Статный молодой мужчина как минимум на полголовы выше Алексиса с такими же, как и у него самого, темными волосами, но яркими, зеленовато-карими глазами, Алберс отворил дверь самолично вместо привычного уже дворецкого и, приветственно кивнув брату, пропустил его в просторный светлый холл.

– Сколько лет, сколько зим, Алексис, тебя совсем не видно и не слышно, – качнул он головой без малейшей укоризны, – я уж думал, ты вообще забыл о моем существовании, неужто мастера нынче и впрямь такие занятые? Хотя… нынче-то как раз таки, наверное, и занятые, верно? – Алберс обернулся за следовавшим за ним по лестнице братом и, миновав еще одну комнату, вышел на балкон, жестом приглашая его следовать за собой. Судя по непривычной тишине, царившей в доме, Милана Брант с сыновьями отсутствовали.

– Здесь камеры нет, – спокойно пояснил комендант, словно говоря о чем-то само собою разумеющемся, опускаясь в плетеное кресло и кивком предлагая брату последовать его примеру, – обошли стороной, довольно того, что это улица. – Алексис одобрительно кивнул, но внутренне поморщился, и злая зависть обожгла его. – Так о чем ты хотел поговорить? Я, конечно, догадываюсь, но давай-ка сразу ближе к делу и довольно всей этой приветственной мишуры.

– Это правда, что Второго убили, а не ранили? – Младшему из братьев явно пришлось по душе это предложение, но голос его все равно резал холодной сталью тщательно скрываемого напряжения.

– Ох, Алексис… – качнул головой Алберс. – Почему ты вечно так любишь совать свой не в меру любопытный нос туда, где ему совсем не место?

– Потому что у меня кадеты, брат, оказавшиеся влипшими в грязное дело, их не касающееся. И потому что у меня больше нет напарника, – Алексис закурил, все так же упорно глядя старшему прямо в глаза, – а со мной обращаются, словно я и сам еще кадет, даром не школьник. Я думаю…
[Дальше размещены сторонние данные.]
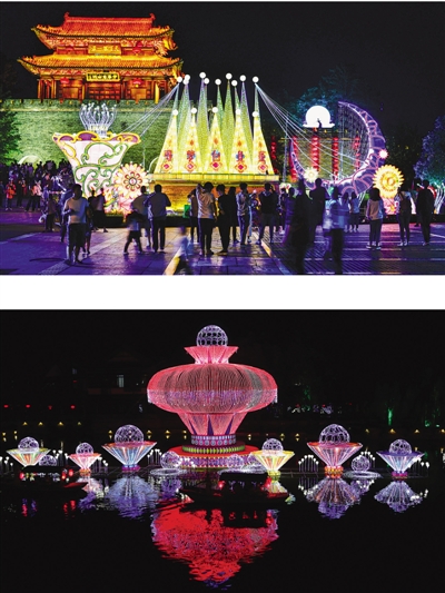 左图:9月23日晚,游人在古城游玩赏灯。 (高启民 摄)
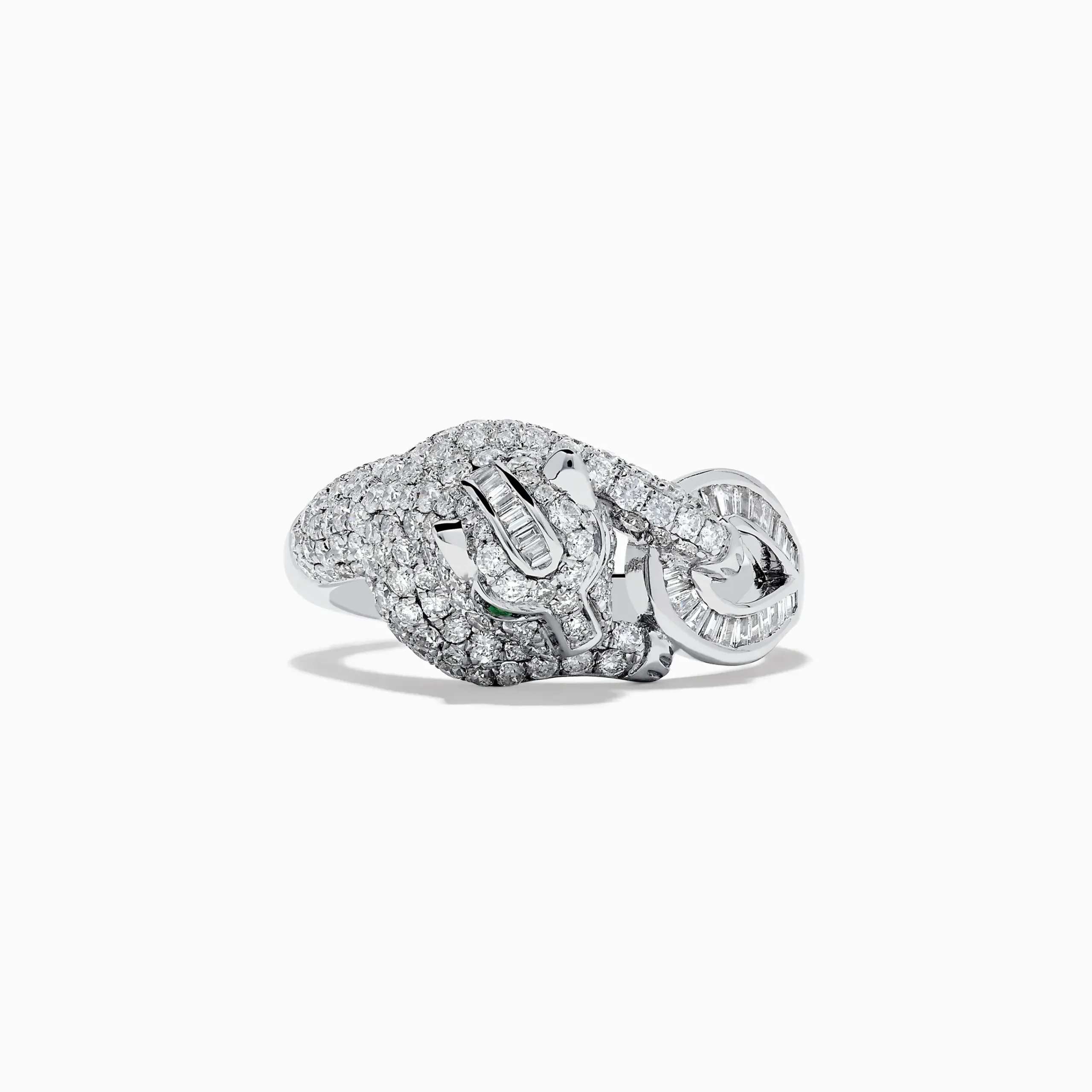 Signature 14K White Gold Emerald and Diamond Panther Ring

– Ты, правда, полагаешь, что кому-то интересно теперь, что ты думаешь, младший? – Голос брата, спокойно безразличный до этого, теперь стал холодным и жёстким. – С тобой обращаются так, как считают должным. Если ты не вызываешь доверия у них – это твоя проблема. После провала Оурмана это совершенно логично и понятно, скажи еще, будто нет. Второй убит, это так. Хвала Империи, не твоим Киром, но у него были помощники, сумевшие забраться куда глубже первого курса Академии. – Где-то внутри Алексиса снова едва уловимо передёрнуло от той лёгкости, с которой Алберс вслух говорил о ликвидированных. – Да, у Ивлича изначально были старшие сообщники – а то и товарищи – в Высоком Секторе. Он с самого начала знал, что имеет шансы быть выбранным, знал, как вероятнее этого достичь, либо знал внедренных в лицо. Как ни прискорбно, наши мало чего смогли добиться от того, кого взяли. Но ты будешь круглым идиотом, братец, если решишь, что Оурман заслуживает каких-либо оправданий после того, как дал себя так просто обдурить этому мальчишке. Пятнадцатилетнему Среднему! Всё было запланировано еще давно, они всё продумали – а гроза с происшедшей по её причине аварией просто сыграли им на руку. По крайней мере, всему Высокому Сектору безмерно хочется верить в то, что к аварии эта шайка не имела никакого отношения. А как иначе? Или, думаешь, кто-то из наших захочет взять на себя ответственность?

– А Оурман, значит, попал под горячую руку?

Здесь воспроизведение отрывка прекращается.